The Turing machine and computability. Turing analyzed computation into its barest elements — a tape, a finite set of states, rules for reading and writing symbols — and used the resulting abstract machine to make “effectively calculable” mathematically precise. The analysis underwrites the Church–Turing thesis: the functions computable by an idealized mechanical procedure are exactly the Turing-computable ones. It is a claim about which functions can be mechanically computed — not, on its face, a claim about minds. See Computation and the Church-Turing Thesis.

The universal machine. Turing showed that a single machine, given a description of any other, can simulate it. The universal Turing machine is the theoretical ancestor of the stored-program computer — one device that runs any program — and the formal root of the idea that the same computation can be realized on many different physical substrates.

The imitation game (the Turing test). Facing the question “Can machines think?”, Turing judged it “too meaningless to deserve discussion” and proposed replacing it with an operational substitute: a human judge, communicating by text alone with a hidden human and a hidden machine, tries to tell which is which. A machine that reliably passes — that cannot be distinguished from the human by conversation — should, Turing argued, be credited with thinking. The move is deliberately behavioral: it sets aside what is going on inside in favor of what the system can do. Crucially, Turing explicitly bracketed consciousness: replying to “the argument from consciousness,” he declined to settle whether the machine has inner experience, treating that as a separate question from whether it thinks. He also anticipated and answered a battery of objections — the theological objection, the mathematical objection from Gödel, and “Lady Lovelace’s objection” that a machine can only do what it is told.

Relation to the Later Debate

Turing’s framing set the terms for everything that followed. Functionalism and the computational theory of mind inherit his universal-machine picture of substrate-independent organization. Searle’s Chinese Room is, in his own words, a kind of dual of the imitation game — a case designed to show that passing a behavioral language test (manipulating symbols by rule) is not sufficient for understanding. Contemporary work on large language models has revived the test directly: systems now routinely produce human-indistinguishable text, which sharpens rather than settles the question Turing set aside.

My View

Turing is indispensable, and the book engages him at two distinct seams — taking care not to blame him for conflations made in his name.

First, the Church–Turing thesis is not computationalism.

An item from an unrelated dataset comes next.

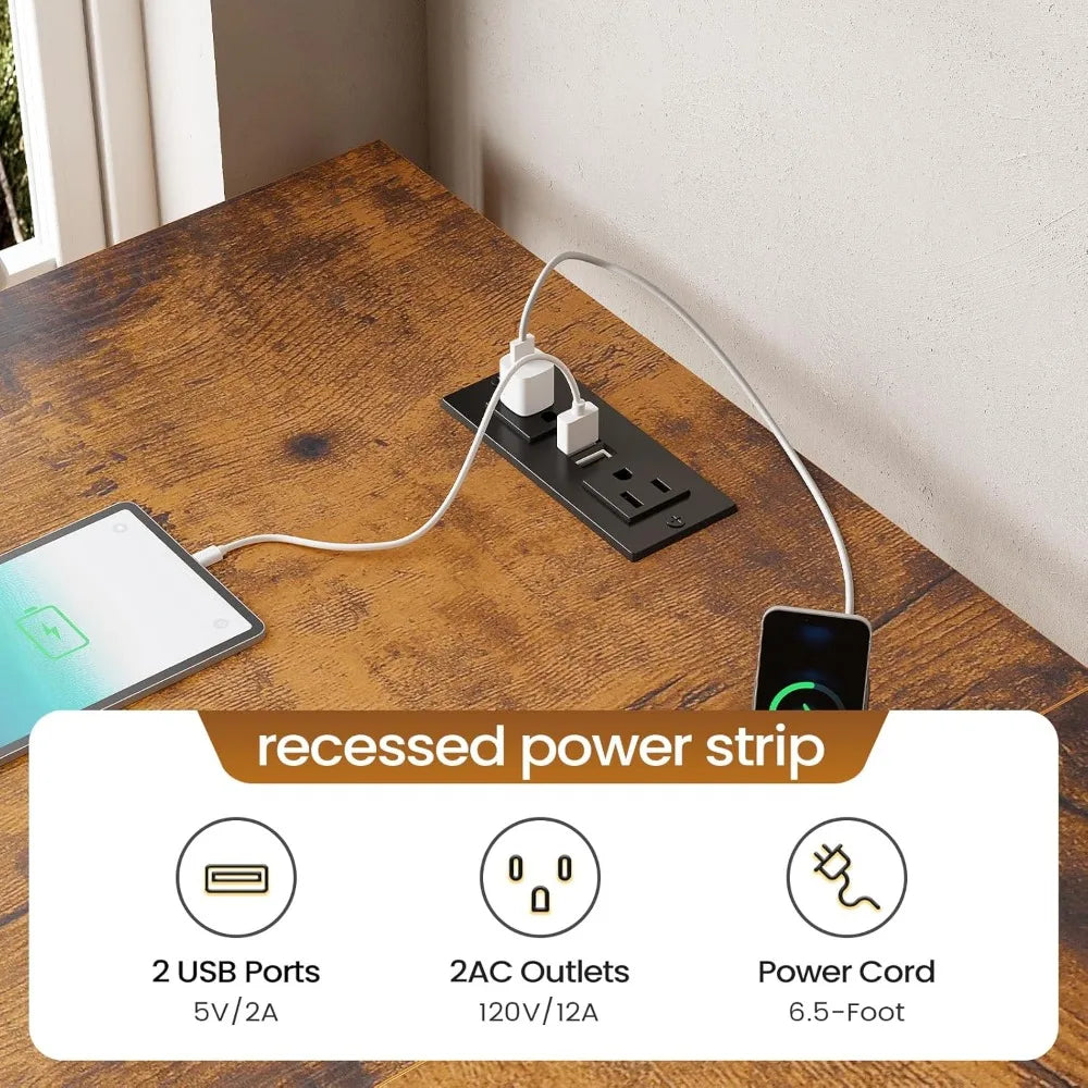 - Power Outlet & USB Ports: Integrated into the desk is a convenient charging station featuring two power outlets and two USB ports. This means you can simultaneously power multiple devices—phones, tablets, speakers—without needing extra adapters or messy cords.

Turing told us which functions a machine can compute; he did not thereby tell us that minds are such computations, or that running the right computation suffices for a mind. Treating his thesis as if it answered the metaphysical question is one of the cleaner category errors in the field, and the book separates the two explicitly (see Computation and the Church-Turing Thesis and Simulation and Realization). Turing the logician proved something true and precise; the overreach belongs to his readers.

Second, the Turing test sets exactly the bar the book rejects. The imitation game measures whether a system sounds human, and the whole argument of the book’s final part is that sounding human is the wrong test — what matters is whether a system stands in the world-involving relations meaning and consciousness actually require. I give Turing his due here: in 1950, with behaviorism ascendant and no science of the inner life in sight, an operational test was a reasonable and clarifying move, and he was scrupulous enough to bracket consciousness rather than pretend the test settled it. The error is in his successors who forget that bracketing and wield a passed test as proof of an inner life. The test’s own author would not have made that move. And the reflex the test formalizes — read a mind off fluent output — is precisely the ELIZA effect the book opens with: the projection machine running at full throttle. Turing named the modern question; the book’s answer is that he asked it in the one register guaranteed to miss what we most want to know.